Fitch Downgrades Japanese Banks
January 30, 2003
By David Ibison in Tokyo
Fitch, the global credit rating agency, on Thursday downgraded Japan's largest banks despite their attempts in recent weeks to boost their financial strength, indicating the agency believes nationalisation remains a strong possibility.
Citing the banks' weakening financial condition as well as Japan's declining sovereign rating, Fitch lowered its ratings on Mizuho, the world's largest bank by assets; Sumitomo Mitsui Financial Group; UFJ and Mitsubishi Tokyo Financial Group.
The downgrade of the 'Big Four' reflects the growing belief that the capital-raising measures being used by the three weakest, to stave off the threat of an injection of public funds, will fail to neutralise more than a decade of disastrous lending practices.
Bad debts at Japan's largest banks, including regional lenders, have swelled to about Y43,000bn ($360bn).
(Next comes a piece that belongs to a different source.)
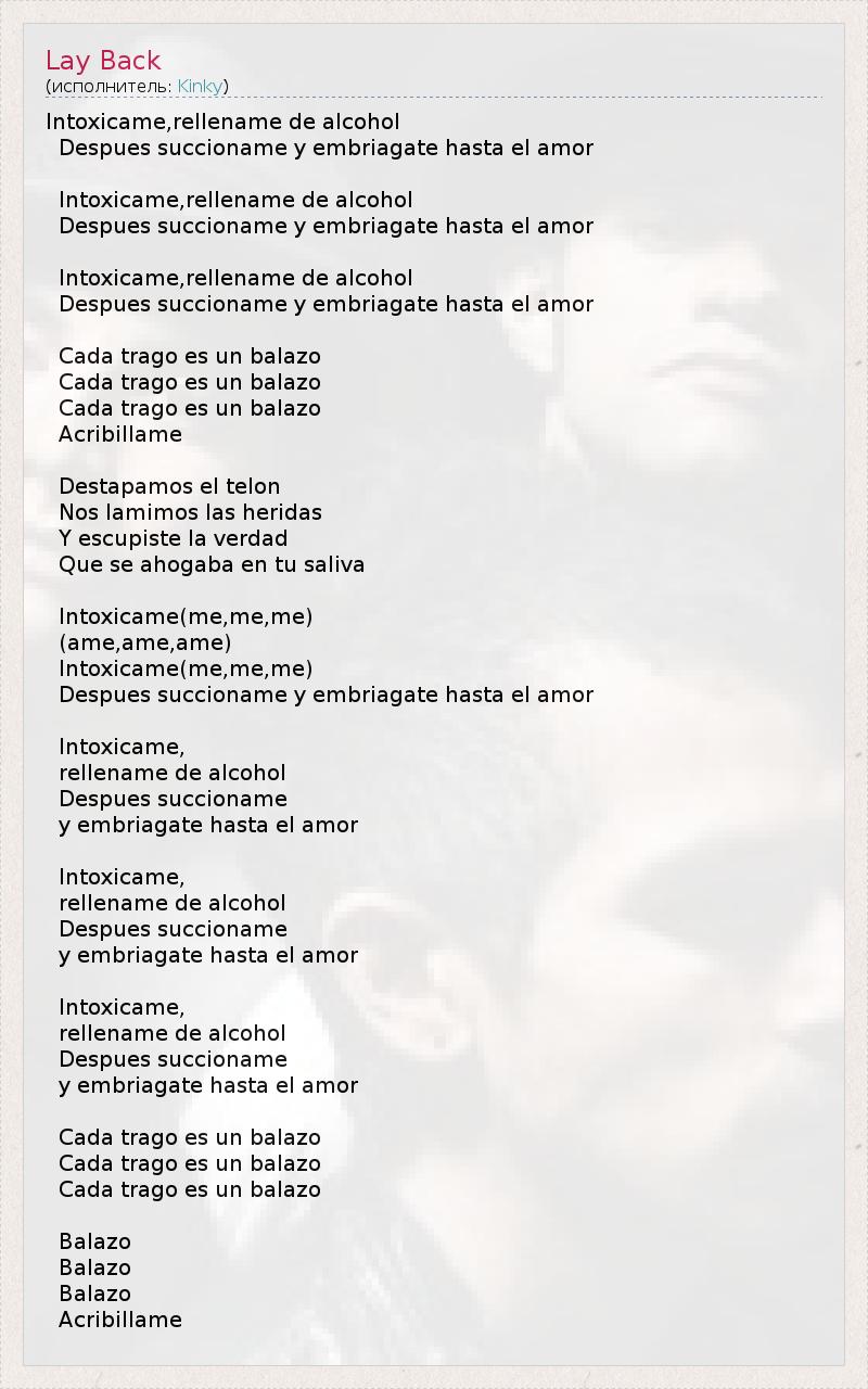Intoxicame,rellename de alcohol Despues succioname y embriagate hasta el amor Intoxicame,rellename de alcohol Despues succioname y embriagate hasta el amor Intoxicame,rellename de alcohol Despues succioname y embriagate hasta el amor Cada trago es un balazo Cada trago es un balazo Cada trago es un balazo Acribillame Destapamos el telon Nos lamimos las heridas Y escupiste la verdad Que se ahogaba en tu saliva Intoxicame(me,me,me) (ame,ame,ame) Intoxicame(me,me,me) Despues succioname y embriagate hasta el amor Intoxicame, rellename de alcohol Despues succioname y embriagate hasta el amor Intoxicame, rellename de alcohol Despues succioname y embriagate hasta el amor Intoxicame, rellename de alcohol Despues succioname y embriagate hasta el amor Cada trago es un balazo Cada trago es un balazo Cada trago es un balazo Balazo Balazo Balazo Acribillame

This figure is set to rise once special inspections by the Financial Services Agency, beginning in two weeks, are completed in April.
To support their capital adequacy ratios, Mizuho has announced a Y1,000bn issue of preferred securities, SMFG plans to sell Y150bn in preferred shares to Goldman Sachs, and UFJ has sold Y100bn of loans to Merrill Lynch. MTFG has so far avoided such measures.
Fitch said that, although these moves were a positive sign the banks were taking their problems more seriously, they were insufficient to offset their fundamental weaknesses and would not alleviate the threat of an injection of public funds.
"Fitch continues to take the view that timely and adequate support to the banking system will be forthcoming from the government in the event of need," the rating agency said. It also expressed concerns about the measures taken by Mizuho to bolster its capital base through the issue of preferred securities to companies with which it maintained close relations. Such moves were eroding the quality of its core capital, it said.
Fitch believes such double gearing is dangerous to both parties and increases the risk of system-wide consequences should the bank's difficulties intensify.
The decision to downgrade the banks also reflects Fitch's frustration with the pace of economic and corporate reform in Japan. The agency was the first to coin the phrase "muddling through" to describe the reform process. "While Fitch has been hoping for decisive government action, to date there has been little more than discussion and study of these problems," it said.
Fitch lowered its long-term ratings on the four large banks by one notch and kept its outlook negative. It also downgraded most of Japan's other leading regional banks.